Vindicator Logo

Years Ago

Sunday, November 18, 2012

Today is Sunday, Nov. 18, the 323rd day of 2012. There are 43 days left in the year.

ASSOCIATED PRESS

On this date in:

1883: The U.S. and Canada adopt a system of Standard Time zones.

1910: British suffragists clash with police outside Parliament on what becomes known as “Black Friday.”

1928: Walt Disney’s first sound-synchronized animated cartoon, “Steamboat Willie” starring Mickey Mouse, premieres

1958: The cargo freighter SS Carl D. Bradley sinks during a storm in Lake Michigan, claiming 33 of the 35 lives on board.

1966: U.S. Roman Catholic bishops do away with the rule against eating meat on Fridays outside of Lent.

1978: U.S. Rep.
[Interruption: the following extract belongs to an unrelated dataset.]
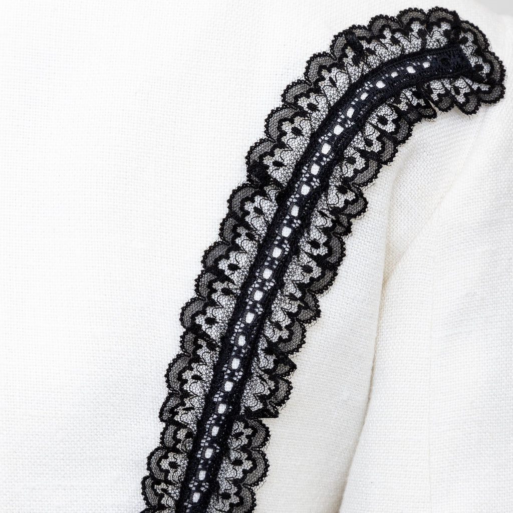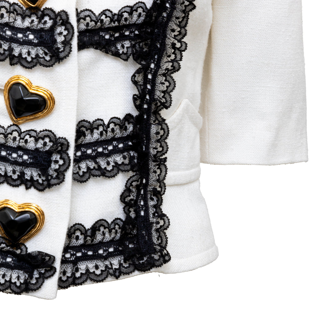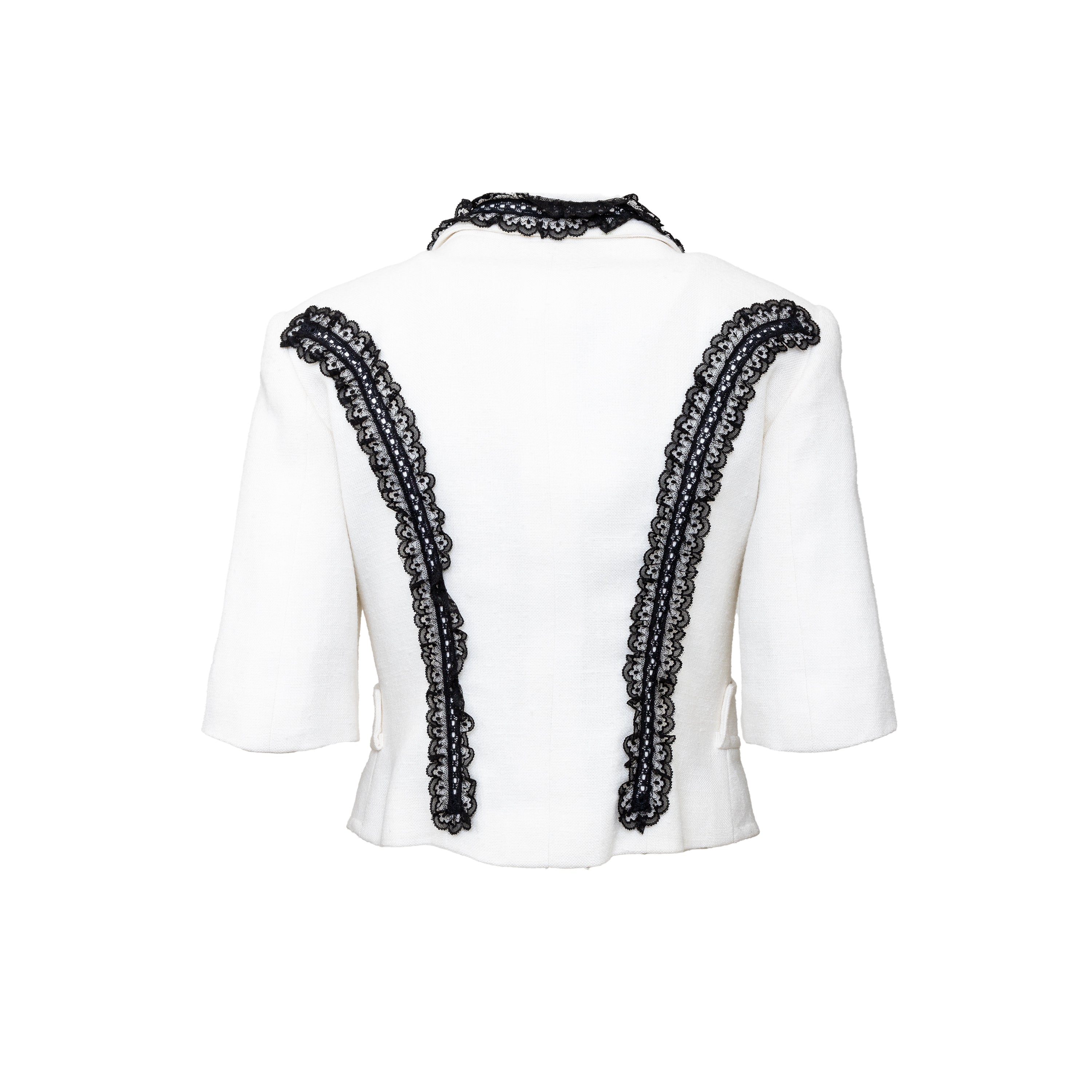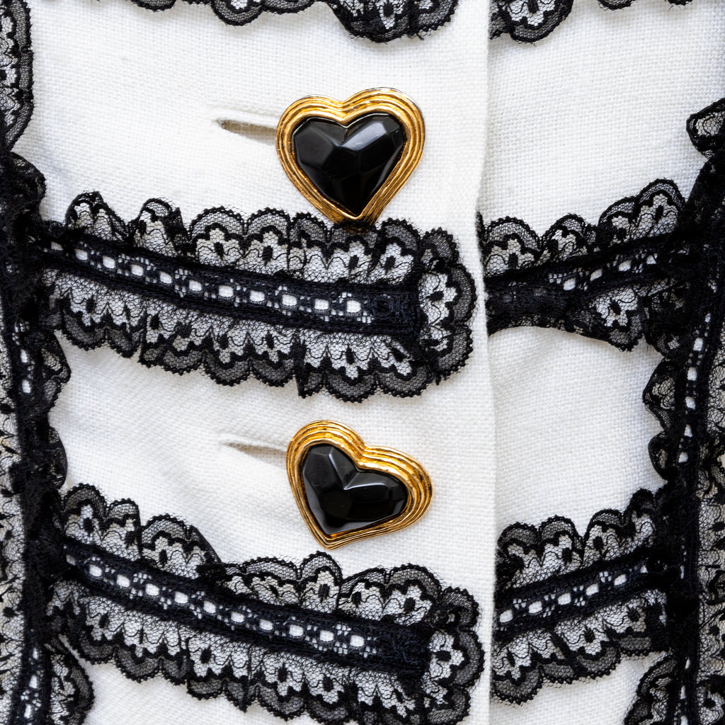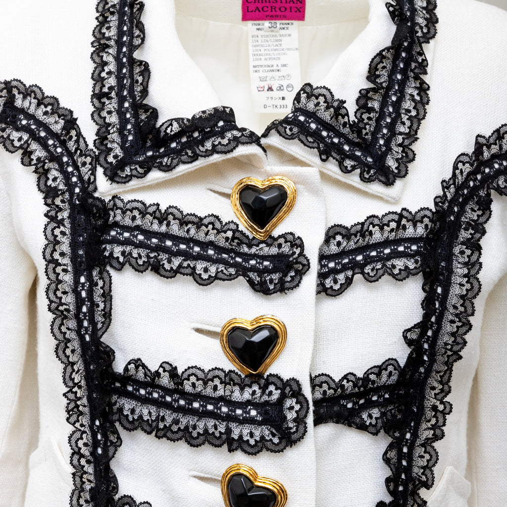 Christian Lacroix 90s vintage jacket in white linen-viscose, cropped, lace-trimmed sleeves, jewel buttons.

Leo J. Ryan, D-Calif., and four others are killed in Jonestown, Guyana, by members of the Peoples Temple; the killings are followed by a night of mass murder and suicide by more than 900 cult members.

VINDICATOR FILES

1987: An ordinance is introduced in Warren City Council that would ban smoking in most stores, theaters and public restrooms, as well as all public buildings.

A spokesman for the Ohio Department of Rehabilitation and Correction says whether Youngstown is the site of a new $39 million, 650-bed prison will depend largely on whether there is community support for the project.
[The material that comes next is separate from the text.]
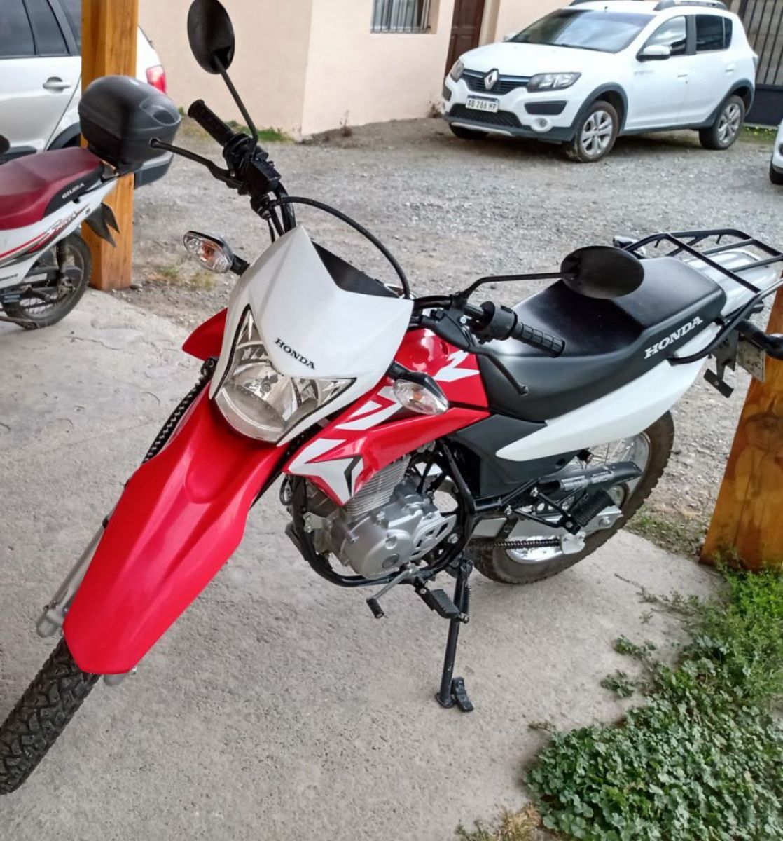 El vehículo es Honda XR 150 L., año 2019, patente A098MWF. Prensenta algunos rayones pequeños en el lado izquierdo, guiños, delatero y trasero, y espejo. Por una caída, está corrido el espejo y el embrague izquierdo hacia adentro, lo que deja un rayón en el manubrio.

1972: Three youths, two of whom had been released on bond a day earlier on burglary charges, are arrested by Austintown police who said the trio had $4,343 in cash and checks taken in a break-in at the Canfield Valu King supermarket.

Luke Graziani, 5, saves his brother, Mark, 4, after the younger boy fell into a drainage ditch at a construction site near their Centennial Drive home. Mayor Merle Madrid orders the developer, Mayo and Orvets, to fill the ditch or the village will do so and bill the company.

1962: Carl Gangloff, secretary of the Youngstown Area Development Foundation, says Kaiser Steel Corp. is making a concerted effort to lure steel production to California and the far West and suggests a local development drive to create more jobs in the Mahoning Valley.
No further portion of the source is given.